## AVAILABLE DATA
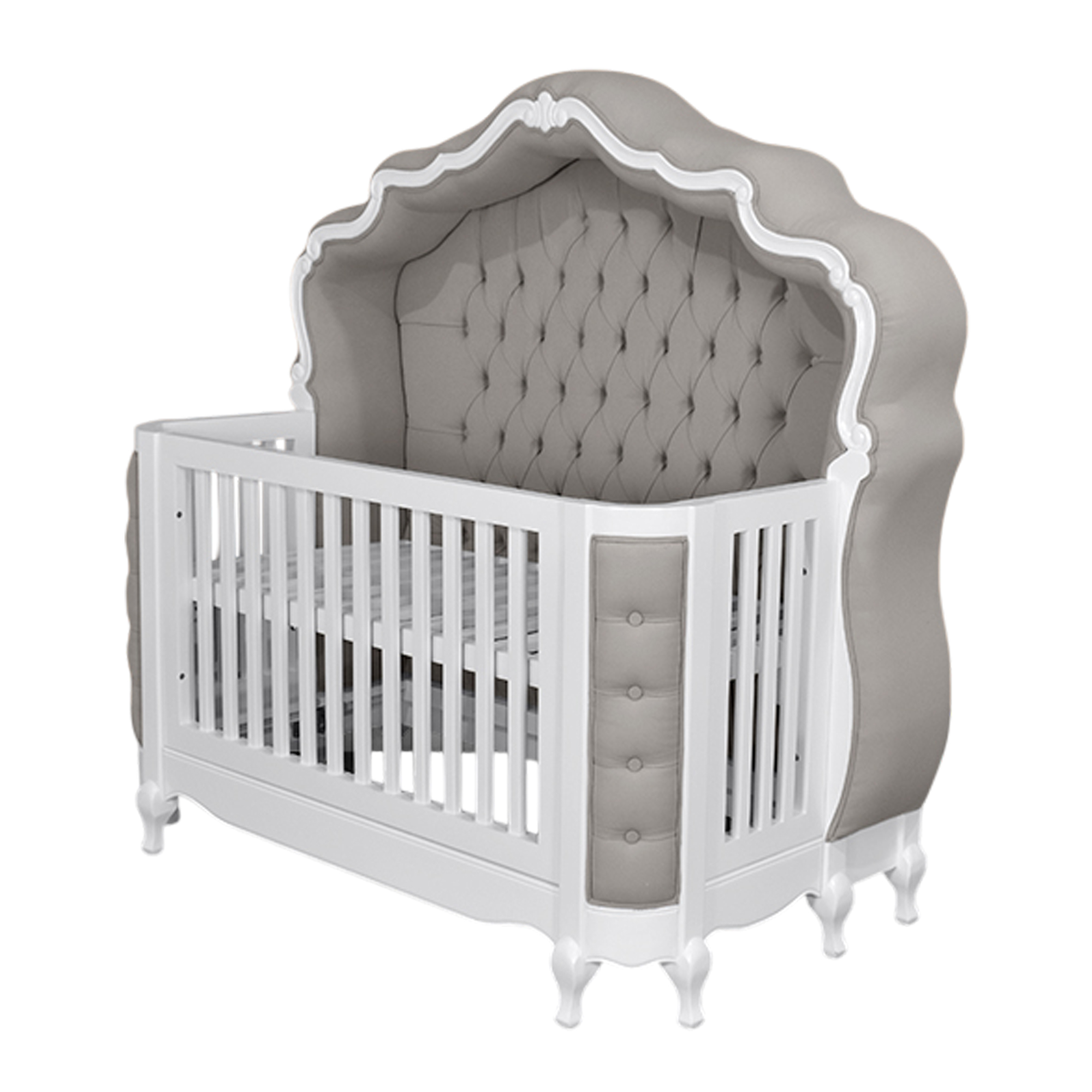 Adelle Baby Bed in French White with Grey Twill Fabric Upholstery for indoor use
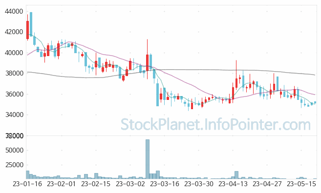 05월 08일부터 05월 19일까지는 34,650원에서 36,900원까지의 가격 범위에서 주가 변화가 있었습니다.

==

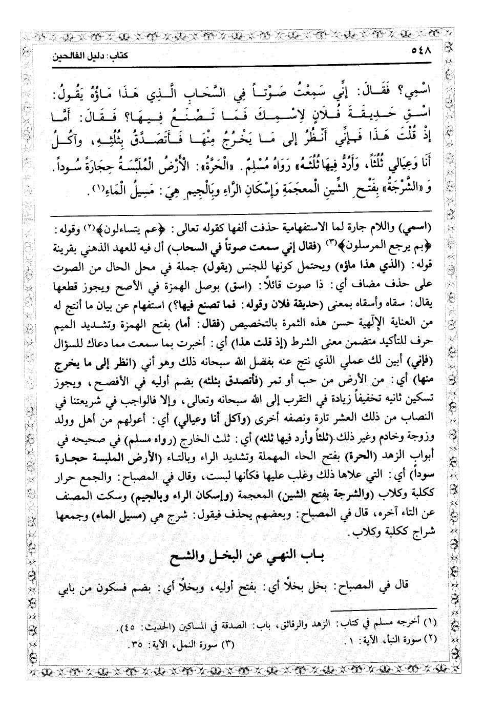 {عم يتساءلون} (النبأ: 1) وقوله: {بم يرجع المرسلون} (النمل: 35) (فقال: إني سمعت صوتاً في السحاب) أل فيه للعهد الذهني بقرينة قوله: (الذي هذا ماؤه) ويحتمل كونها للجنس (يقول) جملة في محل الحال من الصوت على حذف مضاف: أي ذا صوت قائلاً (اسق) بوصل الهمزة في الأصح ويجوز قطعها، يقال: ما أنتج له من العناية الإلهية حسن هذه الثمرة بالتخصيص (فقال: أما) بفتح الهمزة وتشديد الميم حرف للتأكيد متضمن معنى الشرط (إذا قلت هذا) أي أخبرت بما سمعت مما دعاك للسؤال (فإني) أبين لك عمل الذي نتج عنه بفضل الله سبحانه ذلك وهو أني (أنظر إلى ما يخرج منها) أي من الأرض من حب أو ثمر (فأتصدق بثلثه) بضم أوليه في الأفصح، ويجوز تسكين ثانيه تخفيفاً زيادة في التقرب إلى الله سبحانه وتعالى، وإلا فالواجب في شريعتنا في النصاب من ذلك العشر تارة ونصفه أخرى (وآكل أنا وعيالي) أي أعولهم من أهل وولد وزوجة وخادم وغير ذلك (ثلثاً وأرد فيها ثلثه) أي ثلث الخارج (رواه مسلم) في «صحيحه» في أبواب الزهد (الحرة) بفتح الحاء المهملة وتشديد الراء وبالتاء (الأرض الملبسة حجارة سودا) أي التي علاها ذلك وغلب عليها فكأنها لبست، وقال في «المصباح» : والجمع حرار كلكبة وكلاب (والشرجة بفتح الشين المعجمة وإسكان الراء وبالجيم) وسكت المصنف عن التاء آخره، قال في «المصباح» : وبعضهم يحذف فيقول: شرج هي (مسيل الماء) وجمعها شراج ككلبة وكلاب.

...

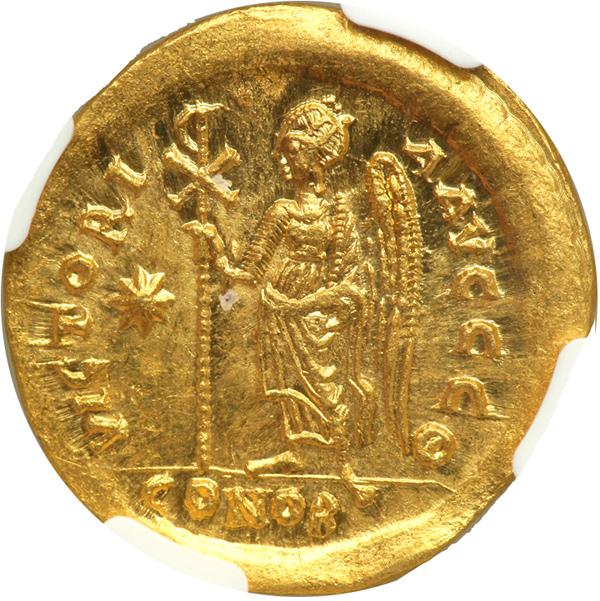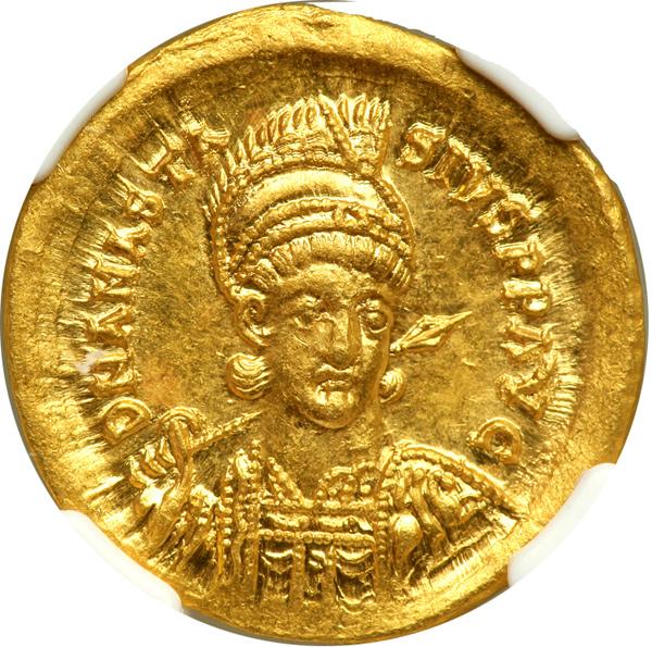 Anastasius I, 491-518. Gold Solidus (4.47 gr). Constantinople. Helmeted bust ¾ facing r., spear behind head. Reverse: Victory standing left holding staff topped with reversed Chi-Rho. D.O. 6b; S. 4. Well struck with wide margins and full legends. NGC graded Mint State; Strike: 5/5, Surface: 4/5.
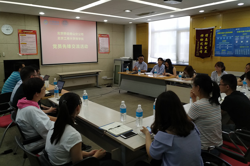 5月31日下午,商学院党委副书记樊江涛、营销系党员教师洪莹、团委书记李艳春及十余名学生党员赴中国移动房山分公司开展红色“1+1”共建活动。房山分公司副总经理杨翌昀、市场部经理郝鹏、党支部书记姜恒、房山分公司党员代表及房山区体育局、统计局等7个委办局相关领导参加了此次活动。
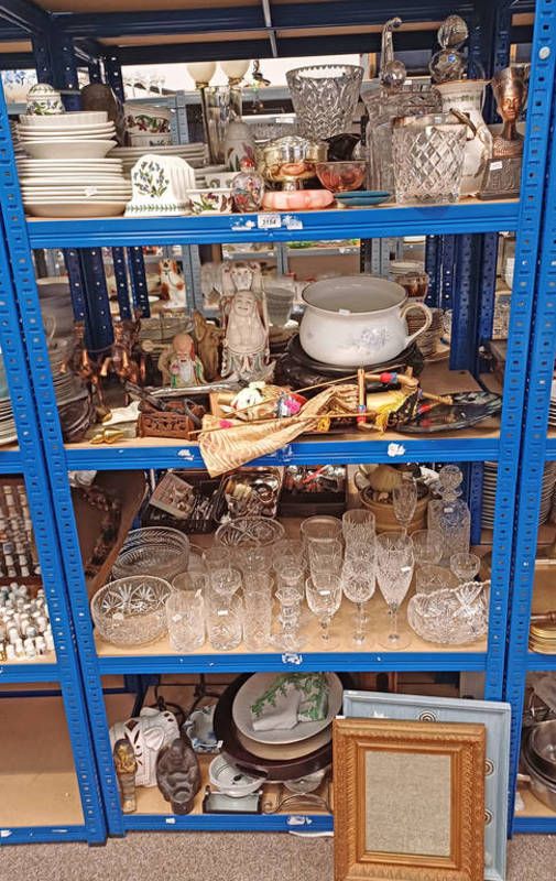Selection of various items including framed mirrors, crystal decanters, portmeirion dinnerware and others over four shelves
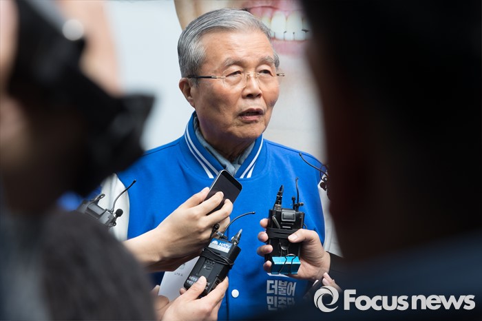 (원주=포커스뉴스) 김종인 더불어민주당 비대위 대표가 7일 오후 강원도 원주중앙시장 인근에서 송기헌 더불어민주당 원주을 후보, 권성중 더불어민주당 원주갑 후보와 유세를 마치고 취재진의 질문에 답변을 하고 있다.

## TASK DETAILS
Reproduce the data above exactly, but only from the line containing "5月31日下午,商学院党委副" through the line containing "Selection of various". Omit all pictures.

## RESULT OF THE TASK
 5月31日下午,商学院党委副书记樊江涛、营销系党员教师洪莹、团委书记李艳春及十余名学生党员赴中国移动房山分公司开展红色“1+1”共建活动。房山分公司副总经理杨翌昀、市场部经理郝鹏、党支部书记姜恒、房山分公司党员代表及房山区体育局、统计局等7个委办局相关领导参加了此次活动。
Selection of various items including framed mirrors, crystal decanters, portmeirion dinnerware and others over four shelves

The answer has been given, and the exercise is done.